The CKAN DataStore extension provides an ad-hoc database for storage of structured data from CKAN resources.

See the DataStore extension:

Datastore API

Making Datastore API requests

Example: Create a DataStore table

curl -X POST \
	-H "Authorization: {YOUR-API-KEY}" \
	-d '{ "resource": {"package_id": "{PACKAGE-ID}"}, "fields": [ {"id": "a"}, {"id": "b"} ] }'

Data Load

See Load page.


Implemented as a separate Postgres Database.

What Issues are there?

Sharp Edges

  • connection between MetaStore (main CKAN objects DB) and DataStore is not always well maintained e.g, if I call “purge_dataset” action, it will remove stuff from MetaStore but it won’t delete a table from DataStore. This does not break UX but your DataStore DB raises in size and you might have junk tables with lots of data.

DataStore (Data API)

  • One table per resource and no way to join across resources
  • Indexes are auto-created and no way to customize per resource. This can lead to issues on loading large datasets.
  • No API gateway (i.e. no way to control DDOS’ing, to do rate limiting etc)
  • SQL queries not working (with private datasets)

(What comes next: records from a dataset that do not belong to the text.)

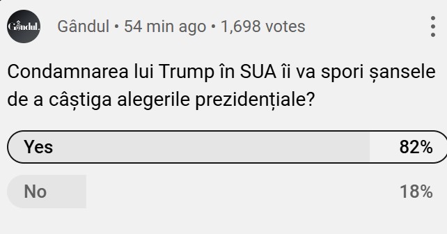 POLL Marius Tucă Show: „Condamnarea lui Donald Trump în SUA îi va spori șansele de a câștiga alegerile prezidențiale?”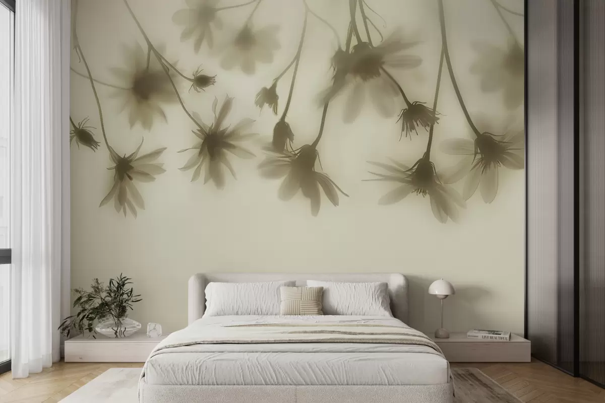 Fotomurales Delicadas flores en la niebla colgando desde arriba en colores pastel. Nr. w01469v1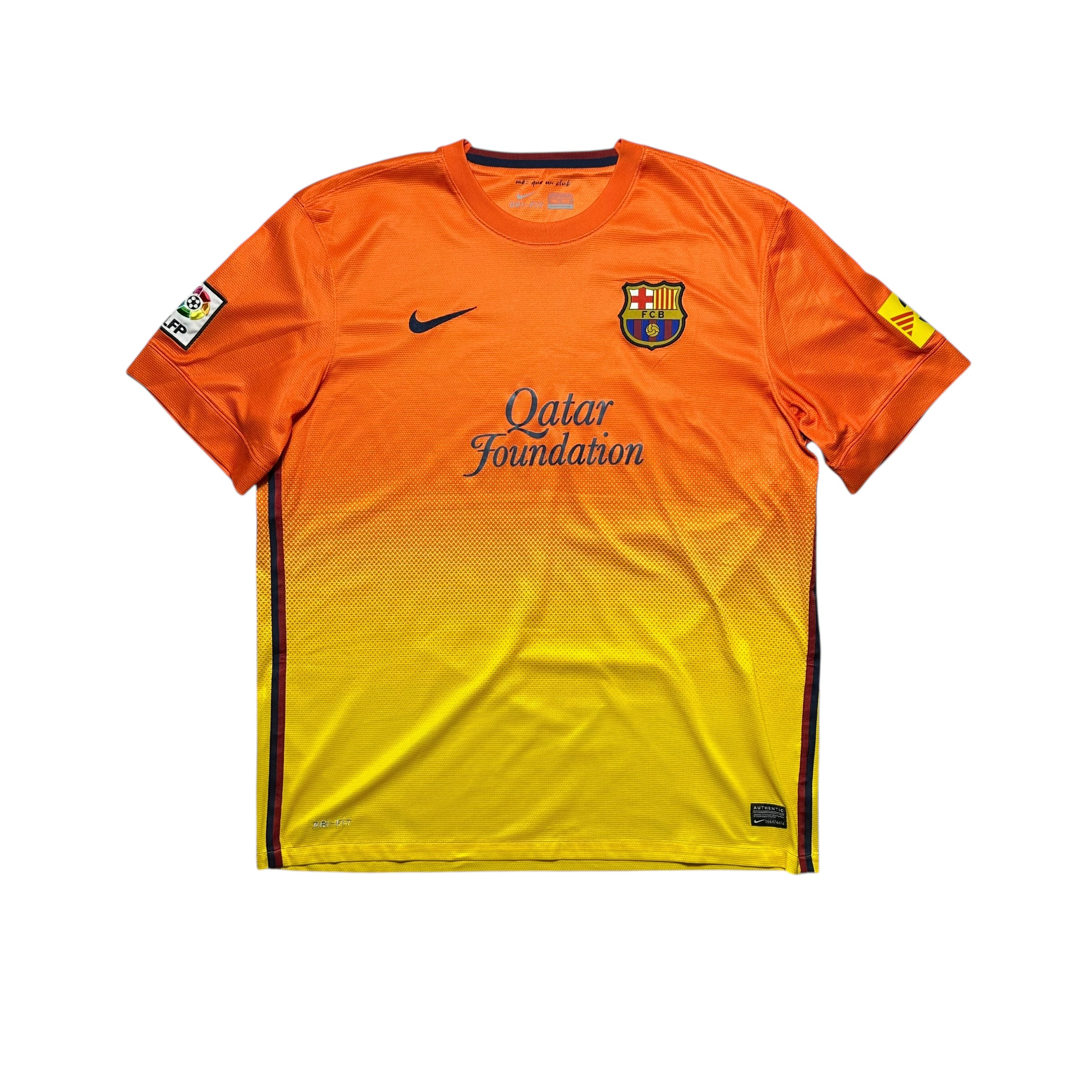 Sezon 2012/13 był dla Barcelony rekordowy ligowo. Drużyna prowadzona przez Tito Vilanovę zdobyła mistrzostwo Hiszpanii z dorobkiem 100 punktów, dominując La Ligę od pierwszej do ostatniej kolejki. Pomarańczowy komplet był jednym z najbardziej rozpoznawalnych symboli tej kampanii wyjazdowej.
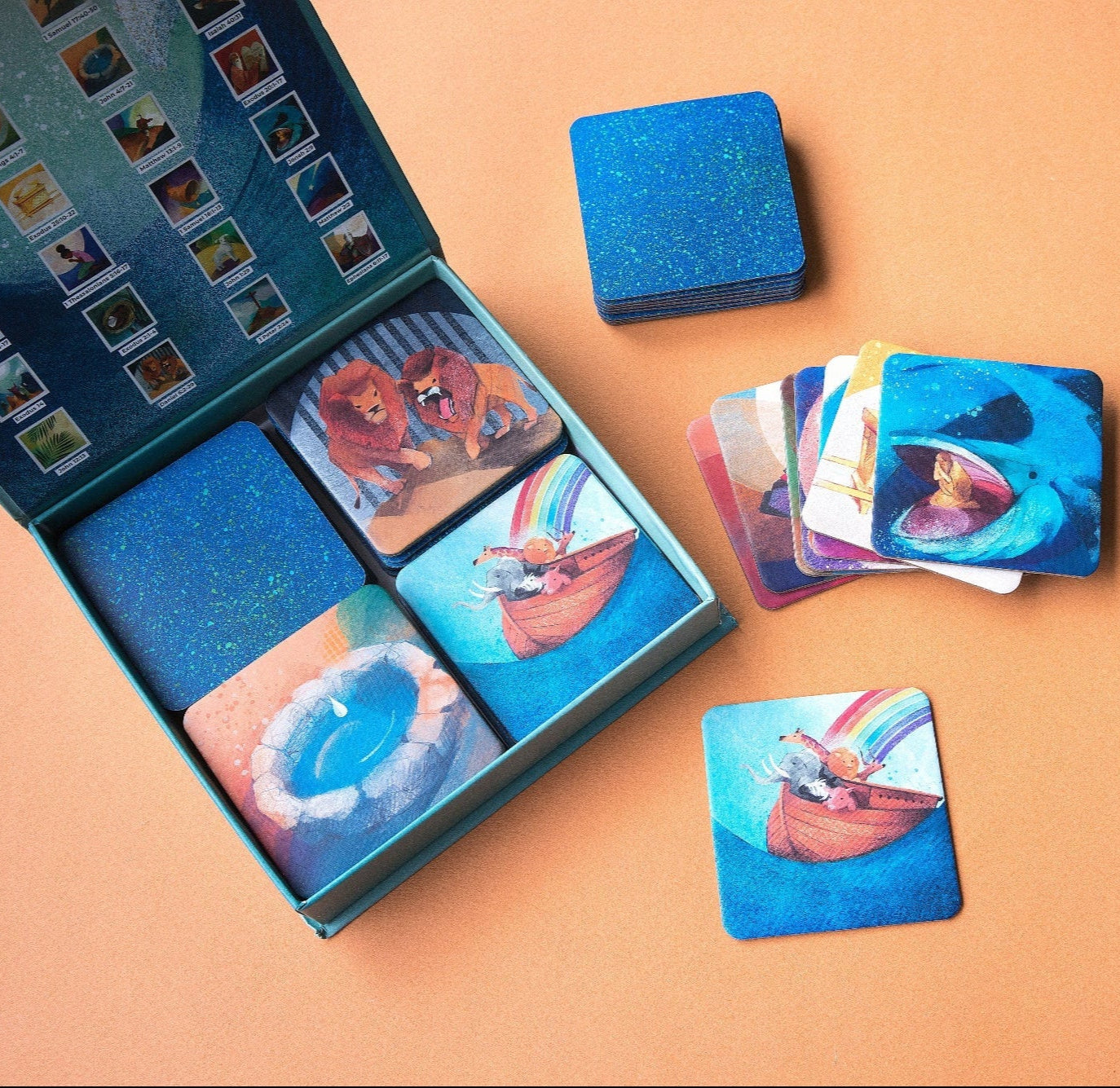 Dit christelijke memoryspel is ontworpen om kinderen en families te betrekken bij de Schrift terwijl ze genieten van een klassiek memoryspel.

Following the general next gen microservices approach, the Data API is separated into distinct microservices.

Read API

Approach: Refactor current DataStore API into a standalone microservice. Key point would be to break out permissioning. Either via a call out to separate permissioning service or a simple JWT approach where capability is baked in.

Status: In Progress (RFC) - see

Data Load

Implemented via AirCan. See Load page.


Back onto Postgres by default just like CKAN 2. May also explore using other backends esp from Cloud Providers e.g. BigQuery or AWS RedShift etc.